The Chiefs still play at Arrowhead Stadium. For years, the team celebrated touchdowns by having a man wearing a headdress ride a horse – named “Warpaint” – up and down the field. And there’s the “tomahawk chop,” the decades-old tradition where fans wave one arm backward and forward while chanting in unison.
Over the past few years, the Chiefs have attempted to address the criticism of their name and traditions. The team formed an American Indian Working Group several years ago, which has led to changes – like the elimination of the touchdown celebration and a ban on fans entering the stadium wearing headdresses or with their face painted in a way that suggests Native American imagery.
But the Chiefs have said they do not have any plans to change the team’s name, despite continued debate.
The Chiefs are one of two remaining major professional sports teams that still use a name associated with Native Americans, alongside the Atlanta Braves of Major League Baseball.
The Washington football team, which once had one of the most controversial names in professional sports, eliminated its use of a slur for Native Americans in 2020 and changed its name to the Commanders in 2022. Major League Baseball’s Cleveland Indians became the Cleveland Guardians in 2021.
Unlike those teams, the Chiefs name is not a slur and the logo is not the head of a Native American.

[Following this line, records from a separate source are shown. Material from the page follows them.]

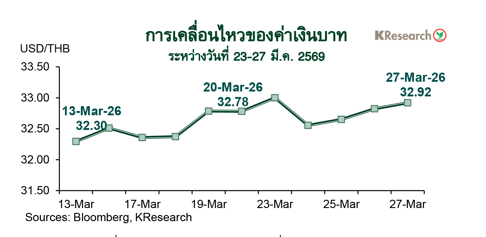 · สัปดาห์ระหว่างวันที่ 30 มี.ค.-3 เม.ย. 2569 ธนาคารกสิกรไทยมองกรอบการเคลื่อนไหวของค่าเงินบาทที่ระดับ 32.10-33.10 บาทต่อดอลลาร์ฯ ขณะที่ศูนย์วิจัยกสิกรไทยประเมินปัจจัยสำคัญที่ต้องติดตาม ได้แก่ รายงานเศรษฐกิจและการเงินเดือนก.พ. ของไทย สถานการณ์ในตะวันออกกลาง ทิศทางราคาน้ำมันในตลาดโลก ฟันด์โฟลว์ของต่างชาติและสัญญาณเกี่ยวกับแนวโน้มดอกเบี้ยจากถ้อยแถลงของเจ้าหน้าที่เฟด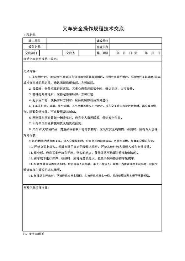 表格名称:叉车安全操作规程技术交底
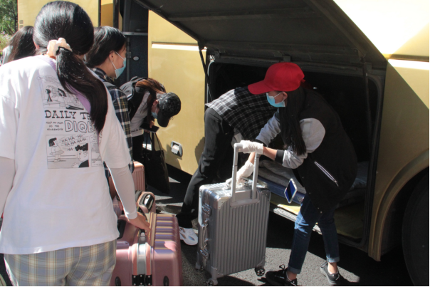 6:30,接待学生返校的100余名教师和60余位志愿者全部到位,在各自所负责的工作区域,做好了相关准备工作。7:30,返校学生乘坐接站大巴车及私家车陆续抵达学校。百余面彩旗和条幅遍布校园,那些熟悉的面孔和焕然一新的校园环境,让学生们倍感亲切。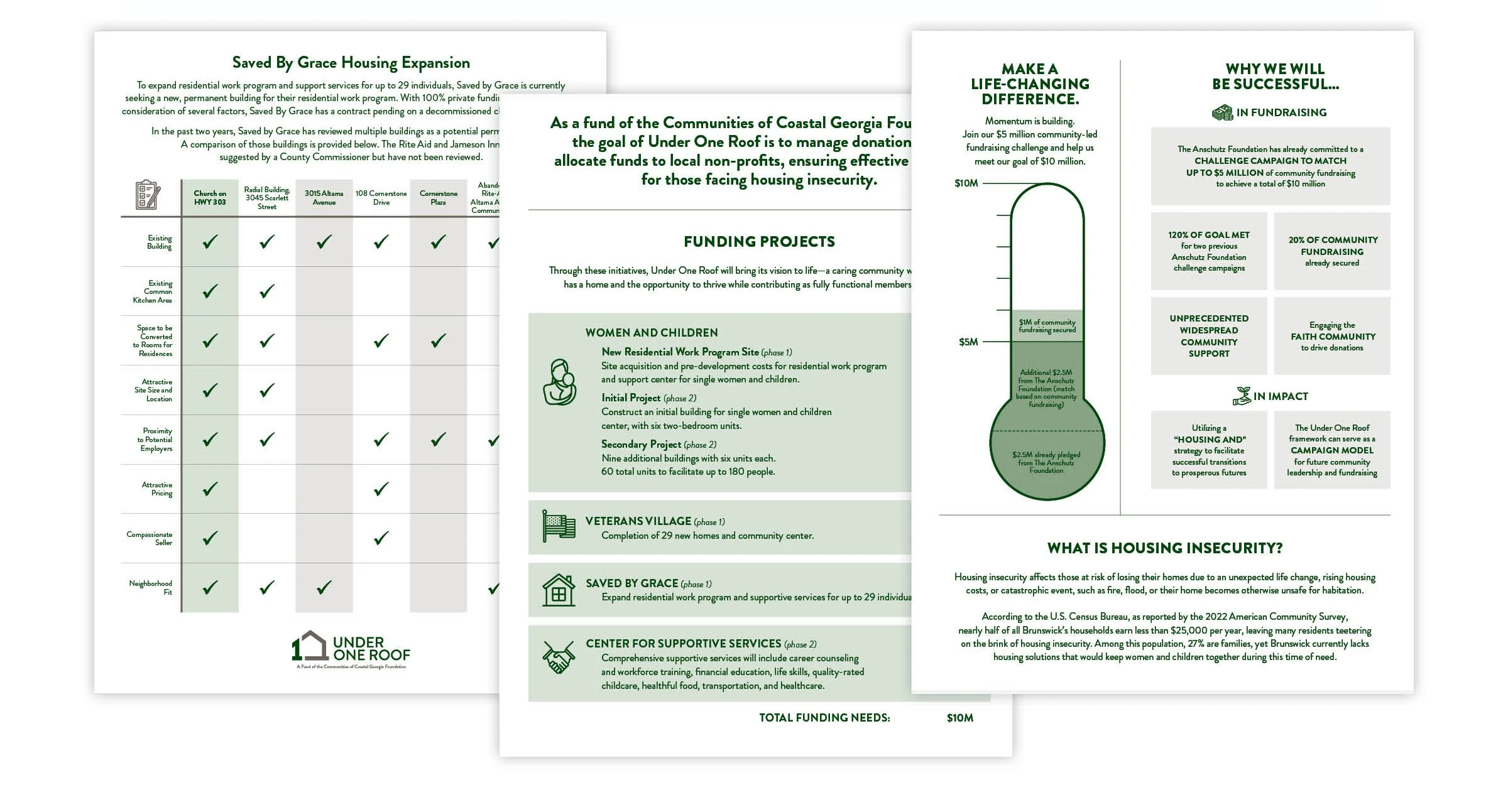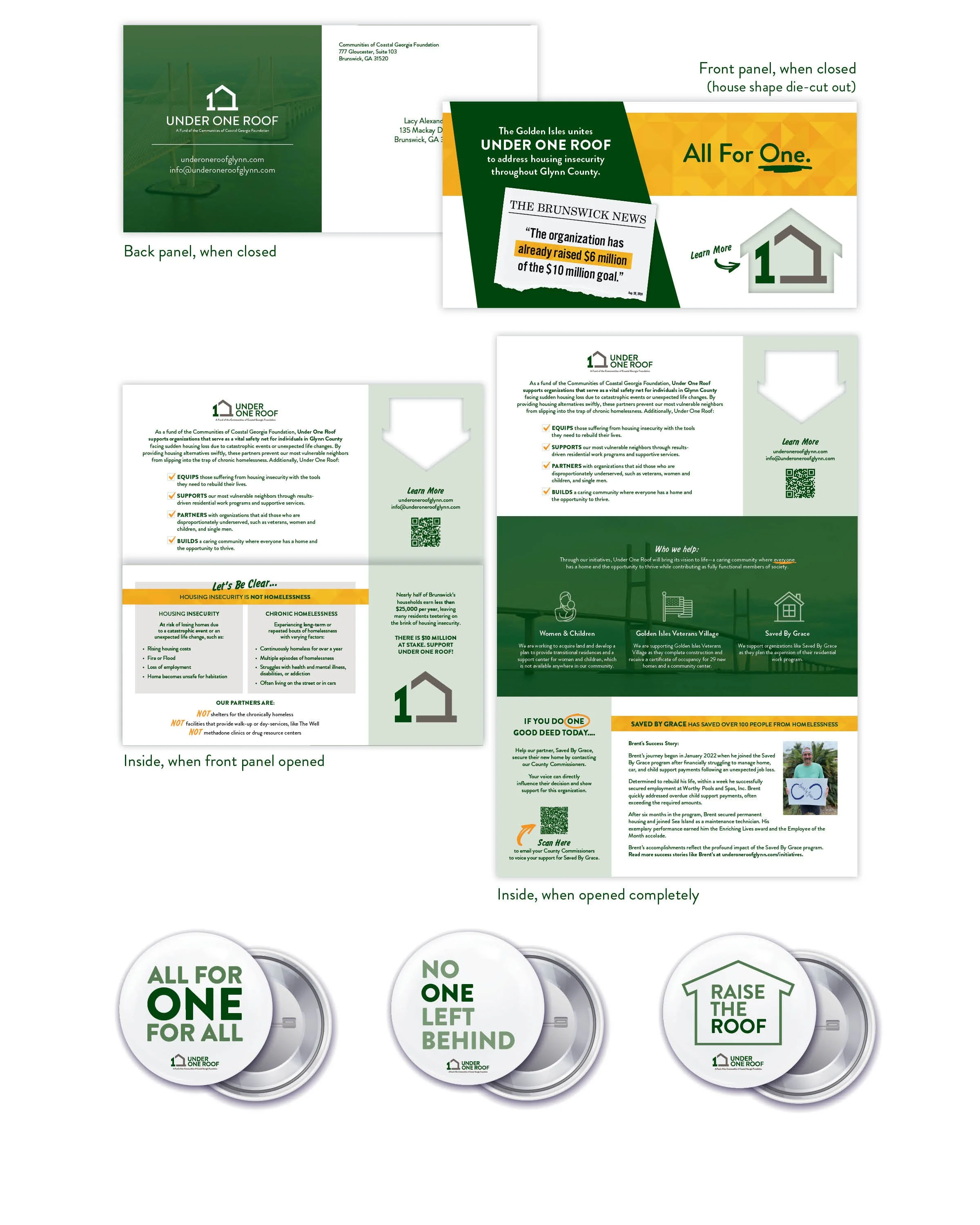 Under One Roof, a fund of the Communities of Coastal Georgia Foundation, provides crucial support to Glynn County residents facing homelessness due to unforeseen hardships. The branding and collateral were designed to reflect the initiative’s purpose: a rallying cry for the community to unite in support of neighbors struggling with housing insecurity. The visual identity features calming green hues, inspired by the region’s marshlands, symbolizing renewal, stability, and hope.

But the team also defends its name because of its origin as a tribute to the mayor who helped bring the team to the city.
“The Chief”
By all accounts, H. Roe Bartle was a large man.
He was 6 foot 3 and weighed up to 375 pounds. He smoked long cigars because, he told The Star, if he could afford a 30-cent cigar instead of a 20-cent cigar, he’d take the bigger one.
Bartle served as mayor between 1955 and 1963, after being encouraged to run by his friend, former President Harry Truman. But Bartle largely made his name running the local Boy Scouts and through speeches that he gave throughout the country, charging between $500 and as much as $2,500.
He got his nickname, “The Chief,” from his time in the Boy Scouts. After briefly practicing law in Kentucky, Bartle took on the role of chief executive of the Boy Scouts in Casper, Wyoming. From there, he went to St. John, where he founded the “Tribe of Mic-O-Say” before leading the Kansas City area Boy Scouts between 1928 and 1955.
While he served two terms as mayor of Kansas City, Bartle’s time on the speaking circuit helped him gain national prominence. A profile of Bartle in 1970 called him the most widely-known Kansas Citian, after Truman.
The scout reservation in Osceola is named after Bartle, as is Bartle Hall, at the Kansas City Convention Center.
Still, Bartle’s efforts to lure the Chiefs – which included a covert visit by Hunt and general manager Jack Steadman before the two were ready to announce they were looking at moving the Texans – has proved to be one of Bartle’s most lasting legacies.
Hunt said Bartle “almost singlehandedly persuaded him to attempt the move to Kansas City,” the Star reported in 1963.
“This is not a matter of Hunt coming to Kansas City looking for a home,” Bartle said at the time. “This is a matter of the mayor looking for a football team to come to Kansas City.”